Task statement - Only the lines from the beginning of the material below through the line with "The Global Prepaid" should be retyped exactly, and pictures are to be skipped.

Information shown -

◆ ◆ ◆

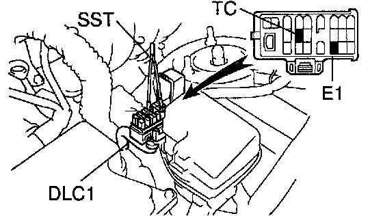 a) Using SST, connect terminals TC and E1 of the DLC1.
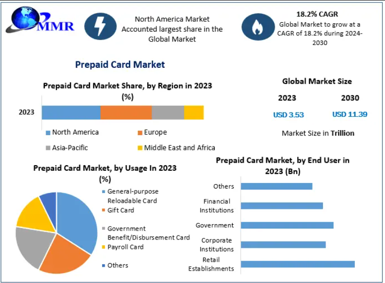 The Global Prepaid Card Market, valued at USD 3.53 trillion in 2023, is witnessing rapid expansion driven by digital adoption, fintech innovation, and rising demand for cashless payment instruments. The market is projected to grow at a CAGR of 18.2% from 2024 to 2030, reaching an impressive USD 11.39 trillion by the end of the forecast period.
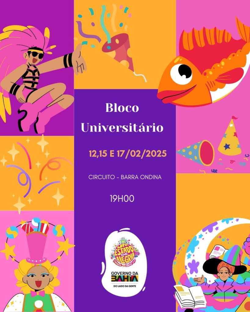 O Projeto “Bloco Universitário” será realizado no município de Salvador/BA, nos dias 12, 15 e 17 de fevereiro de 2026, integrando a programação oficial do Carnaval da Bahia 2026. A iniciativa promete levar muita música, animação e a energia característica da maior festa popular do estado para os circuitos carnavalescos da capital baiana.
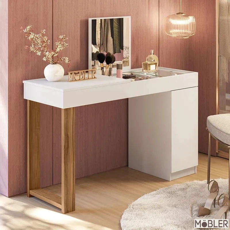 Escrivaninha e Penteadeira Love Branco/Cinamomo Mel Larg. 1.212m – Mobler

◆ ◆ ◆

Result -
 a) Using SST, connect terminals TC and E1 of the DLC1.
 The Global Prepaid Card Market, valued at USD 3.53 trillion in 2023, is witnessing rapid expansion driven by digital adoption, fintech innovation, and rising demand for cashless payment instruments. The market is projected to grow at a CAGR of 18.2% from 2024 to 2030, reaching an impressive USD 11.39 trillion by the end of the forecast period.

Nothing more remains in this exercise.